Further, since the operation unit according to the embodiment of the present invention records all the power supply and current data that are input, it is not necessary to set a threshold value or a trigger such as a fault recorder, and does not omit any accident data.

In particular, the operation unit 30 according to the embodiment of the present invention sets and synchronizes time data with GPS-based time rather than local time within the device in order to exchange data with a plurality of power quality analysis apparatuses 100 installed at the separated positions And can be matched with the power data. For example, when the power quality analyzing apparatus 100 includes a GPS receiving module, the calculating unit 100 can check the GPS time data and set the time data at a predetermined cycle.

When the time of the plurality of measurement points is synchronized with the GPS standard, the power data of each measurement point can be compared with each other based on the time data even when the water receiving points are different from each other. Therefore, it is easy to grasp the starting point of a problem when a problem occurs at a specific demand site.

Further, the operation unit 30 of the power quality analysis apparatus 100 according to the embodiment of the present invention may compress the power data and store the compressed power data in the storage unit 60. [

More specifically, the operation unit receives voltage data in four channels of voltage (R, S, T, N) and receives current data in four channels of current (R, S, T, N) The arithmetic unit 30 converts the digital signal into a digital signal, processes the digital signal, compresses the digital signal at a rate of 1/1000, and stores the compressed signal in the storage unit 60.

For example, in the case where the operation unit 30 processes the power data by sampling 16 bits at 1,024 times (1,024 samples / cycle) per cycle, a memory capacity of 7,864,320 bits per second is required and a memory capacity of 679,477,248,000 bits is required per day will be. In the six months, 14.1 terabytes of memory will be required. However, according to the embodiment of the present invention, it is possible to compress data collected at a 1/1000 ratio, so that a capacity of 4 to 9 gigabytes is required to store six months of full power data.

As described above, the power quality analyzing apparatus 100 according to the embodiment of the present invention includes the data compression module, and thus can record the entire long-term data for 6 months or more. According to this, since all parameters of data related to power are recorded, there is no need to input a threshold or set a trigger like a conventional fault recorder, no data is missing, and the cause of all accidents can be easily grasped .

2 is a diagram for illustrating an example of collecting and comparing and analyzing multiple point power data according to an embodiment of the present invention.

As shown in FIG. 2, power quality analysis apparatuses 210, 220, and 230 according to an embodiment of the present invention may be installed at points on the ground.

The power quality analysis apparatuses 210, 220 and 230 at each point can compress and store the entire voltage data and current data as described above. That is, the power quality analyzing apparatus according to the embodiment of the present invention can sample and store the entire power data for a period of 6 months or longer, rather than storing only the data within the specific parameter or threshold range in the collected power data.

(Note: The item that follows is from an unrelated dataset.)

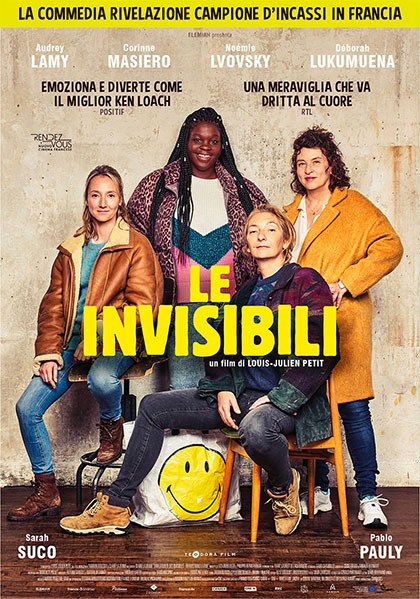 Campione d’incassi in Francia con oltre 10 milioni di euro al box office, LE INVISIBILI è un’imperdibile commedia degna del miglior Ken Loach, capace di unire impegno e divertimento per affrontare un tema quanto mai attuale. Protagoniste del film sono quattro assistenti sociali dell’Envol, un centro diurno che fornisce assistenza alle donne senza fissa dimora. Quando il Comune decide di chiuderlo, si lanciano in una missione impossibile: dedicare gli ultimi mesi a trovare un lavoro al variopinto gruppo delle loro assistite, abituare a vivere in strada. Violando ogni regola e incappando in una serie di equivoci, riusciranno infine a dimostrare che la solidarietà al femminile può fare miracoli.

Further, since each of the power quality analyzers 210, 220, and 230 processes the time synchronization with respect to the power data based on the GPS time, it is possible to compare the respective power data based on the time data.

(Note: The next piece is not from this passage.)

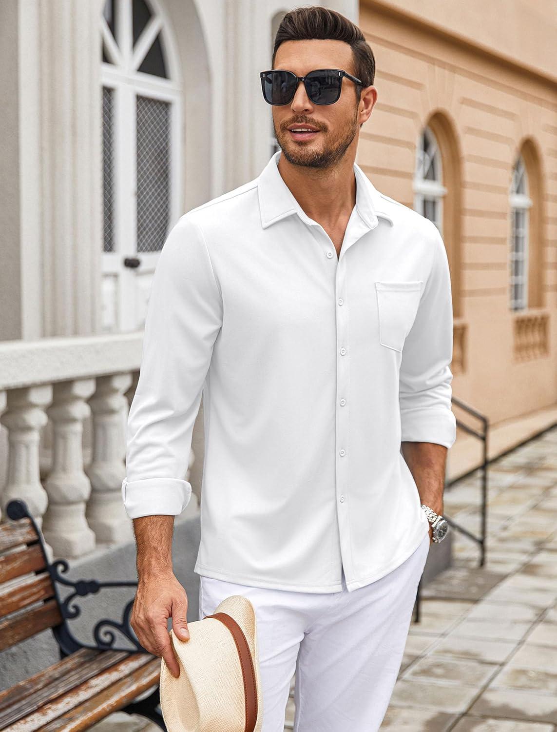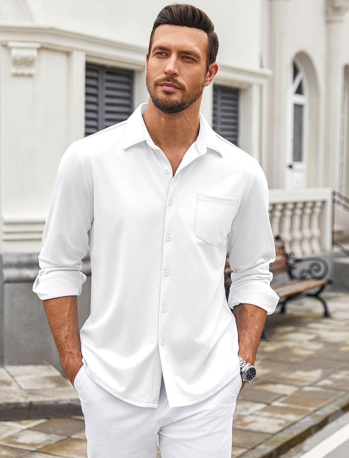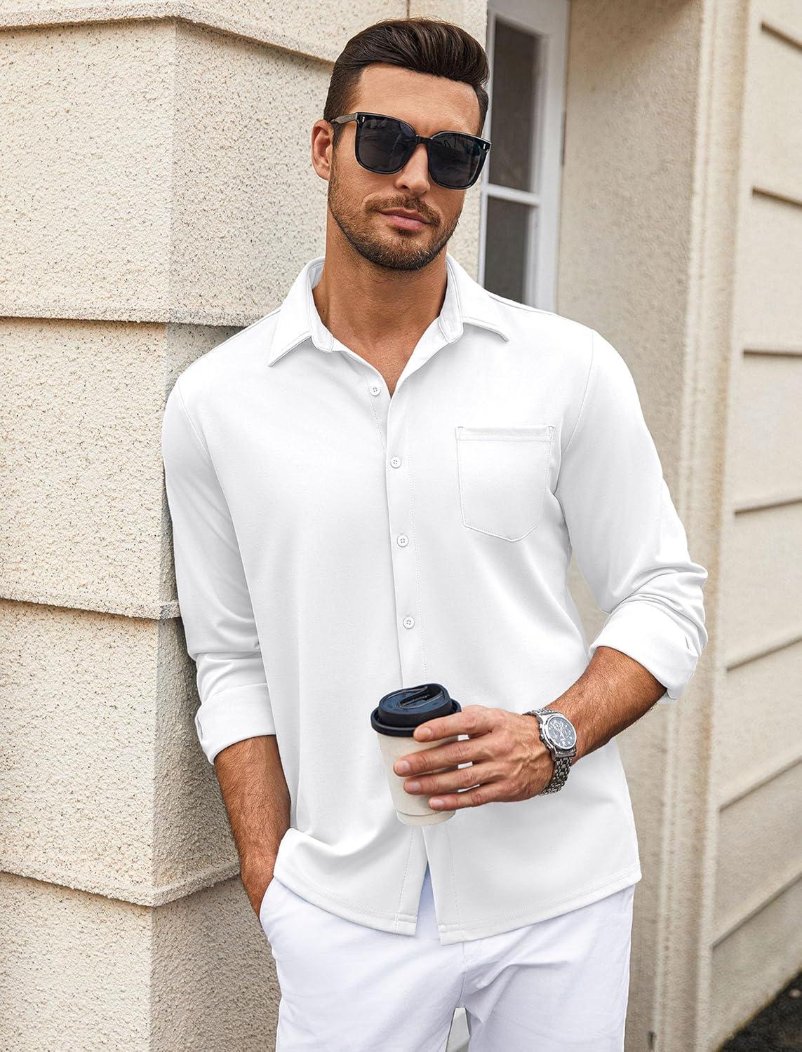 COOFANDY Mens Wrinkle Free Dress Shirts Long Sleeve Untucked Shirts Casual Button Down Shirts(White)

To analyze the cause of power accident, time synchronization of distributed measurement points, collection of continuous data, storage of total power data instead of specific parameters, and high sampling rate are required. The power quality analyzing apparatus according to the embodiment of the present invention satisfies all of the above requirements, so that the cause of the accident can be identified, and the accident can be predicted and prevented.

3 is a flowchart illustrating a process of analyzing power quality according to an embodiment of the present invention.

The power quality analyzing apparatus according to an embodiment of the present invention receives the power-receiving-end main power source 3 or the single-phase power source at step 310 and the current input unit 20 can receive the power-receiving-end main current 3-phase or single-phase current.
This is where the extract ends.